Data supplied —
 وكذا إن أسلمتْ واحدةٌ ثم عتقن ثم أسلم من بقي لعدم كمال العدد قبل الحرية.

---

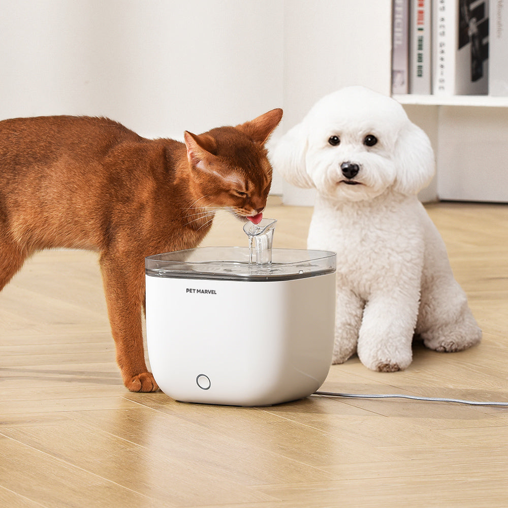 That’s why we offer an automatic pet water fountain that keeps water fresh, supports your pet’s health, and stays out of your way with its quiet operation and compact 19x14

--

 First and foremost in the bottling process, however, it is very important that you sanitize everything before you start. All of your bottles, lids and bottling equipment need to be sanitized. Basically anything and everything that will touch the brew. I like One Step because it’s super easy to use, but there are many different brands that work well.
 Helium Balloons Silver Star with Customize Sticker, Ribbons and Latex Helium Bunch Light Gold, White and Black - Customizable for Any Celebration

Exercise prompt —
Going back over the entries above, copy word for word every line from the one that has "First and foremost" on through the one that has "Helium Balloons Silver".

Exercise output —
 First and foremost in the bottling process, however, it is very important that you sanitize everything before you start. All of your bottles, lids and bottling equipment need to be sanitized. Basically anything and everything that will touch the brew. I like One Step because it’s super easy to use, but there are many different brands that work well.
 Helium Balloons Silver Star with Customize Sticker, Ribbons and Latex Helium Bunch Light Gold, White and Black - Customizable for Any Celebration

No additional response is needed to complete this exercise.